Bedasarkan uraian berbagai macam pengertian di atas, dapat disimpulkan bahwa sistem informasi psikologi adalah suatu himpunan atau kumpulan dari elemen-elemen nyata yang saling berkaitan yang digunakan dalam mempelajari perilaku manusia, dimana elemen tersebut diolah sedemikian rupa hingga memiliki arti dan suatu tujuan tertentu secara efisien dan efektif.

B.       Karakteristik Sistem
Menurut Hutahaean (2015) sistem itu dapat dikatakan sistem yang baik, jika memiliki karakteristik, yaitu:
  1.  Komponen : Suatu sistem terdiri dari sejumlah komponen-komponen yang saling berinteraksi, yang artinya saling bekerja sama membentuk satu kesatuan.
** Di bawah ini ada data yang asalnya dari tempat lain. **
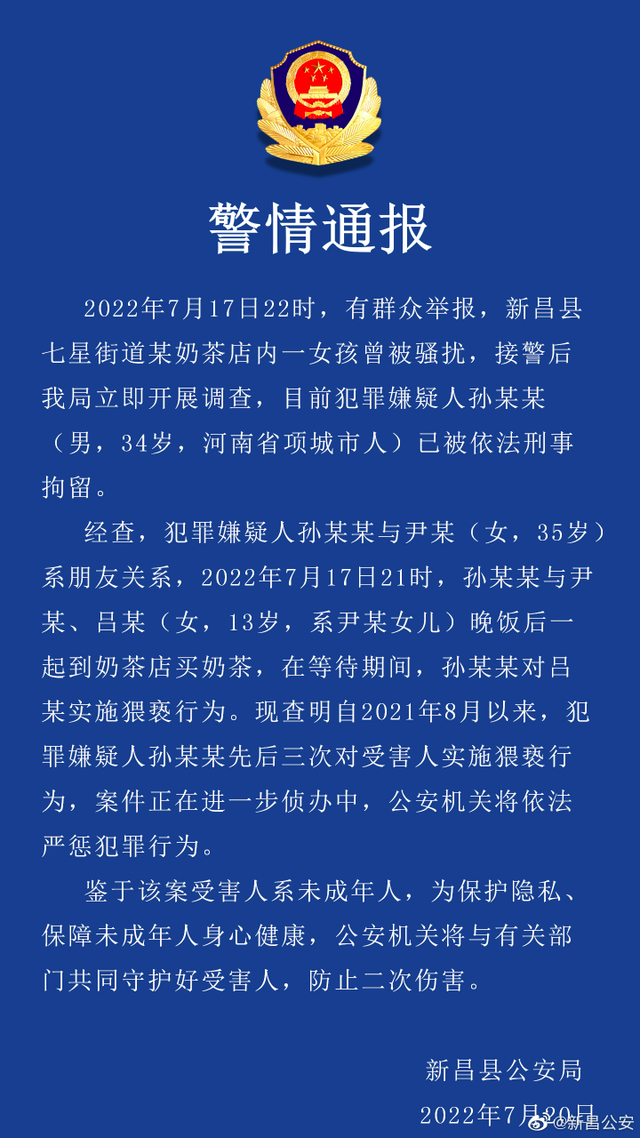2022年7月17日22时, 有群众举报,新昌县七星街道某奶茶店内一女孩曾被骚扰,接警后该局立即开展调查,目前犯罪嫌疑人孙某某(男,34岁,河南省项城市人)已被依法刑事拘留。

  2. Batasan sistem (boundary) : Batasan sistem merupakan daerah yang membatasi antara suatu sistem dengan sistem yang lain atau dengan lingkungan luarnya. Batasan sistem ini memungkinkan suatu sistem dipandang sebagai suatu kesatuan dan menujukkan ruang lingkup (scope) dari sistem tersebut.
  3. Lingkungan luar sistem : Lingkungan luar sistem (environtment) adalah diluar batas dari sistem yang mempengaruhi operasi sistem. Lingkungan dapat bersifat menguntungkan  yang harus tetap dijaga dan yang merugikan yang harus dijaga dan dikendalikan, kalau tidak akan meengganggu kelangsungan hidup dari sistem.
  4. Penghubung sistem (interface) : Penghubung sistem merupakan media penghubung antara satu subsitem dengan subsitem lainnya. Melalui penghubung ini memungkinkan sumber-sumber daya mengalir dari subsitem ke subsitem lain. Keluaran (output) dari subsistem akan menjadi masukan (input) untuk subsitem lain melalui penghubung.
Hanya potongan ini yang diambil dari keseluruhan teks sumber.